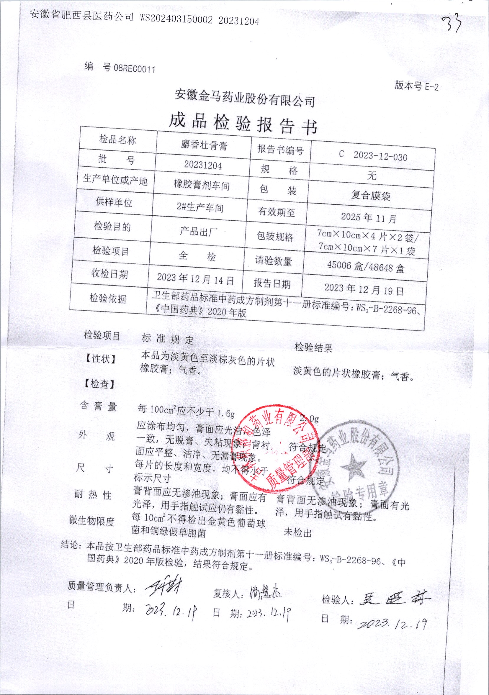 麝香壮骨膏 | 7cm*10cm*7片/袋 | 20231204 | 查看详情 |
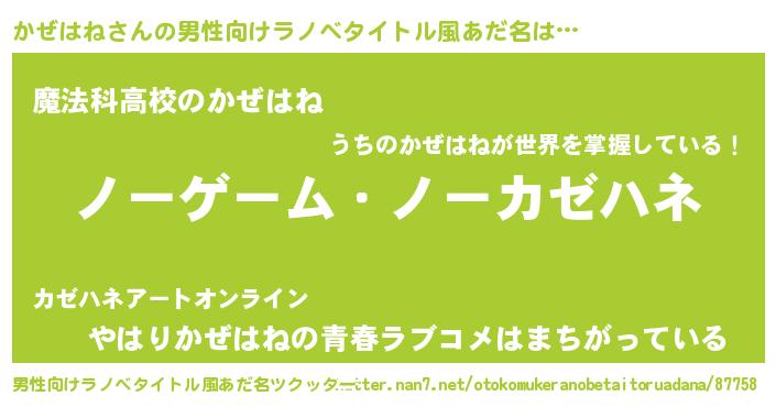 | 欧米人風あだ名 | 『ダニエルかぜはね』『マイケルかぜはね』 |
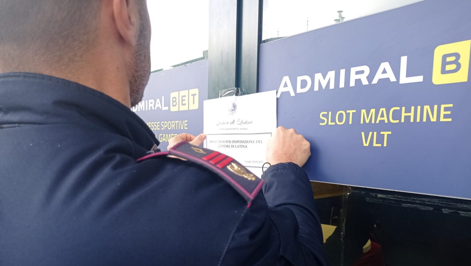 La Polizia di Stato – Questura di Latina, con la collaborazione del Commissariato di Fondi, oggi, ha dato esecuzione ad un provvedimento di sospensione della licenza di polizia per lo svolgimento di attività di raccolta di scommesse, a firma del Questore, nei confronti del titolare dell’esercizio, con sede a Fondi.
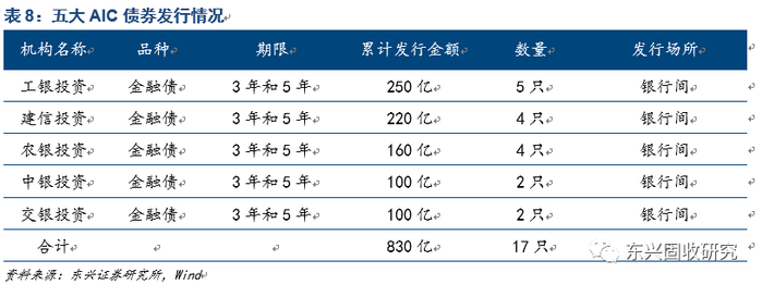(5)金融债:可在银行间或交易所发行,目前五大AIC只在银行间发行过金融债,发行量比较大;资金用途限定为流动性管理和债转股,债转股项目可以包括母行的项目;
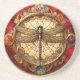 Dessous de verre de libellules rouge et or
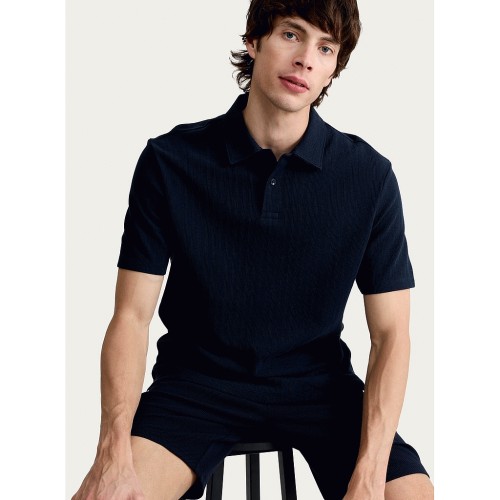 Pure Cotton Textured Short Sleeved Polo Shirt in Navy

- [TO DO]: For every entry, return its exact wording and leave out any image.

- [THE ANSWER]:
 麝香壮骨膏 | 7cm*10cm*7片/袋 | 20231204 | 查看详情 |
 | 欧米人風あだ名 | 『ダニエルかぜはね』『マイケルかぜはね』 |
 La Polizia di Stato – Questura di Latina, con la collaborazione del Commissariato di Fondi, oggi, ha dato esecuzione ad un provvedimento di sospensione della licenza di polizia per lo svolgimento di attività di raccolta di scommesse, a firma del Questore, nei confronti del titolare dell’esercizio, con sede a Fondi.
(5)金融债:可在银行间或交易所发行,目前五大AIC只在银行间发行过金融债,发行量比较大;资金用途限定为流动性管理和债转股,债转股项目可以包括母行的项目;
 Dessous de verre de libellules rouge et or
 Pure Cotton Textured Short Sleeved Polo Shirt in Navy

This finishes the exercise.